= HOW TO COMPLETE THIS TASK =
Please give back each line of the material unchanged, but without the images.

= SUPPLIED DATA =
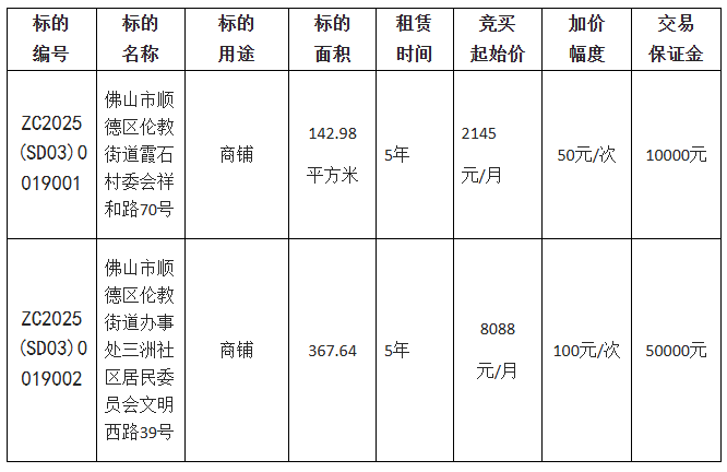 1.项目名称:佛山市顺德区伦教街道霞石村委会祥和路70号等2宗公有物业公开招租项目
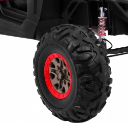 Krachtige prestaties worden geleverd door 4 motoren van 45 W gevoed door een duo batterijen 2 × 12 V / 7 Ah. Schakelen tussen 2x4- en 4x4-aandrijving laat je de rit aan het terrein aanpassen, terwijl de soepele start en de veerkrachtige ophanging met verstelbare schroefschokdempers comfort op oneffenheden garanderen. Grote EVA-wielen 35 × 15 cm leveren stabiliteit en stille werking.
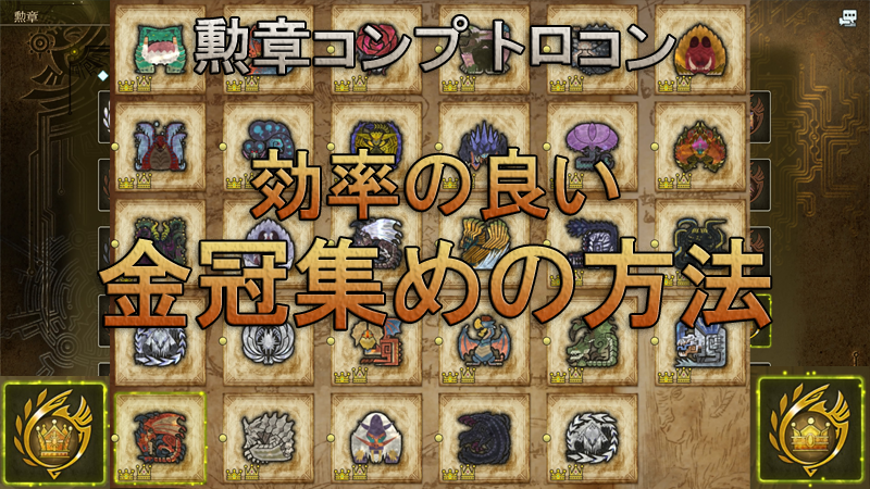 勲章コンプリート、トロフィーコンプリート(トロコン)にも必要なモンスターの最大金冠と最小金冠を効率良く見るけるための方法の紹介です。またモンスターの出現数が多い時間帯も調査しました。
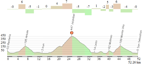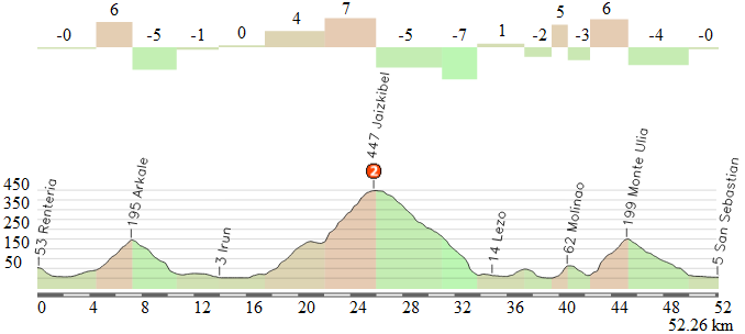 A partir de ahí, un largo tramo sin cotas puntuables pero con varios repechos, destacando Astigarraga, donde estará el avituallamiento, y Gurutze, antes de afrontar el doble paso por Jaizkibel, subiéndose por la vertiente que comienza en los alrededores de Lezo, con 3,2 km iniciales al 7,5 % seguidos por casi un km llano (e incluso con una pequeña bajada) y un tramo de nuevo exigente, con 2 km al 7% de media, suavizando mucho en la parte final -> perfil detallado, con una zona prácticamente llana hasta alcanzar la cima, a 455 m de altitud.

= SOLUTION =
 1.项目名称:佛山市顺德区伦教街道霞石村委会祥和路70号等2宗公有物业公开招租项目
 Krachtige prestaties worden geleverd door 4 motoren van 45 W gevoed door een duo batterijen 2 × 12 V / 7 Ah. Schakelen tussen 2x4- en 4x4-aandrijving laat je de rit aan het terrein aanpassen, terwijl de soepele start en de veerkrachtige ophanging met verstelbare schroefschokdempers comfort op oneffenheden garanderen. Grote EVA-wielen 35 × 15 cm leveren stabiliteit en stille werking.
 勲章コンプリート、トロフィーコンプリート(トロコン)にも必要なモンスターの最大金冠と最小金冠を効率良く見るけるための方法の紹介です。またモンスターの出現数が多い時間帯も調査しました。
 A partir de ahí, un largo tramo sin cotas puntuables pero con varios repechos, destacando Astigarraga, donde estará el avituallamiento, y Gurutze, antes de afrontar el doble paso por Jaizkibel, subiéndose por la vertiente que comienza en los alrededores de Lezo, con 3,2 km iniciales al 7,5 % seguidos por casi un km llano (e incluso con una pequeña bajada) y un tramo de nuevo exigente, con 2 km al 7% de media, suavizando mucho en la parte final -> perfil detallado, con una zona prácticamente llana hasta alcanzar la cima, a 455 m de altitud.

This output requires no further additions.